Bitter Aloe, Umhlaba
Aloe Ferox is a robust plant that can grow to 3 meters high and it is indigenous to South Africa. It is one of several Aloe species used to make a purgative medication, and also yields a gel that can be used in cosmetics. The leaves are tick and fleshy with reddish-brown spines and red or orange flowers. Aloe ferox is listed on the plant list of endangered plants.
Aloe ferox prefers dry-tropical climates, open areas, sandy-loamy soils and full sun. Give each Aloe plant at least 1 meter spacing.
How to Plant
You can grow Aloe Ferox from seeds, sow just under the surface in a sandy soil. Water regularly and make sure the soil drains well. Transplant into small pots or bags once they are about 4cm high (approximately 6 months). From seed it takes about 4 to 5 years for the plants to reach the first harvest.
How to Water
Once the plant is established or from about 20 centimetres in size you can water moderately, once a week. If you are growing your Aloe in a container take care not to over water.
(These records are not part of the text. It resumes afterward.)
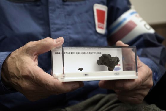 도쿄전력의 원전 폐로 책임자 아키라 오노가 지난해 후쿠시마 제1원자력발전소에서 추출된 핵연료 잔해의 모형을 들고 있다. AP=연합뉴스 |
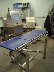 The VersaWeigh check weigher product was ready for production in three frame sizes supporting a range of conveyor widths and weight capacities. Frames support the integration of in-line metal detectors and eject mechanisms. And, it's a good looking machine!
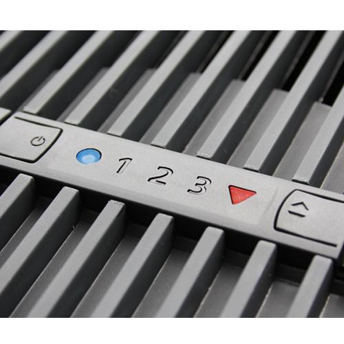 Das Bedienfeld mit der Ein-/Ausschalt-Taste sowie den drei Leistungsstufen-Tasten ermöglicht eine kinderleichte Bedienung. Im Falle eines geringen Wasserstands wird dies durch eine LED-Statusanzeige angezeigt. Weitere Vorteile sind eine einfache und unkomplizierte Wartung und der geringe Stromverbrauch mit weniger als 8 Watt.
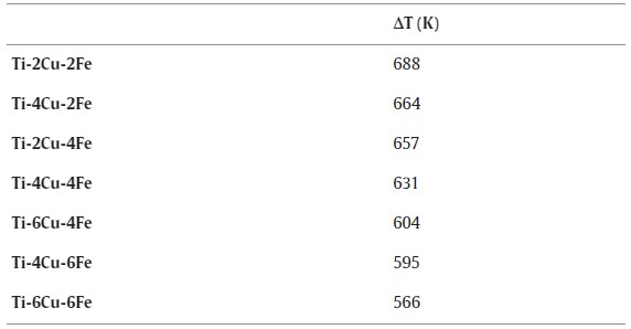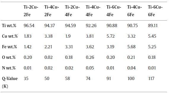 表 1.标称Ti-Cu-Fe 合金的 ICP-MS 分析和针对每种考虑成分计算出的 Q 值。
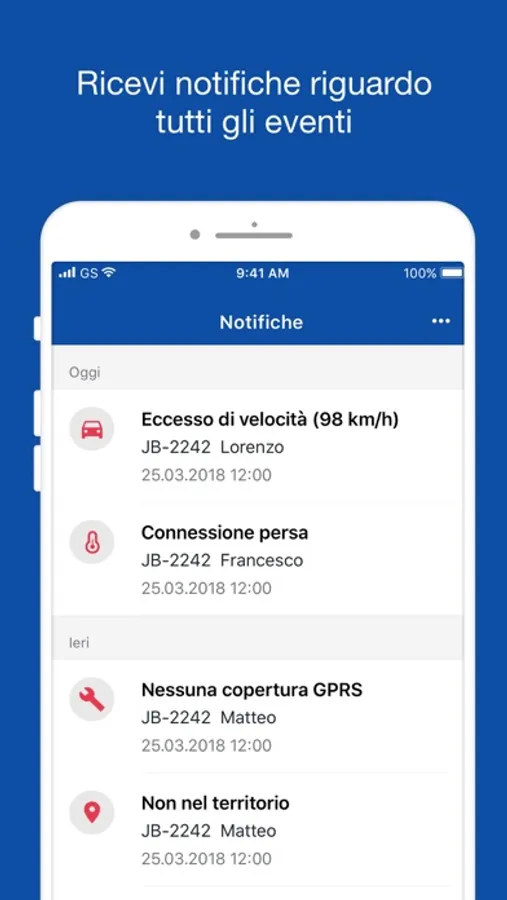 Avvisi e notifiche - imposta alert automatici e ricevi notifiche sul tuo telefono quando i conducenti superano il limite di velocità, guidano all'interno o all'esterno di un area predefinita, perdono il segnale GPS o GPRS, quando il veicolo inizia a muoversi, ecc.

Aloe Ferox can grow with other plants that prefer full sun, open areas and well draining sandy soil, such as other Aloes or succulent plants.
How to Propagate
Aloe ferox plants are propagated mainly from seed and cuttings. The side branches or basal sprout are removed and the wound is allowed to dry off for some time before planting.
How to Harvest
Harvesting is done in winter by manual leaf cutting. Only the 10 to 15 lower leaves of an adult Aloe Ferox plant are harvested. The leaves are cut as close to the stem as possible and stacked in a round tower so that the yellow exudate drips into a hollow in the centre which is lined with a plastic sheet.
Information & Research
The main purgative principle is the anthrone C-glucoside aloin (=barbaloin). The aloin content in exudate varies between 8,5 and 32%. The gel polysaccharides are binogalactan and rhamnogalacturonan types. Aloe gel is a watery mixture of pectic substances, amino acids, minerals, trace elements and organic acids amongst others. (21)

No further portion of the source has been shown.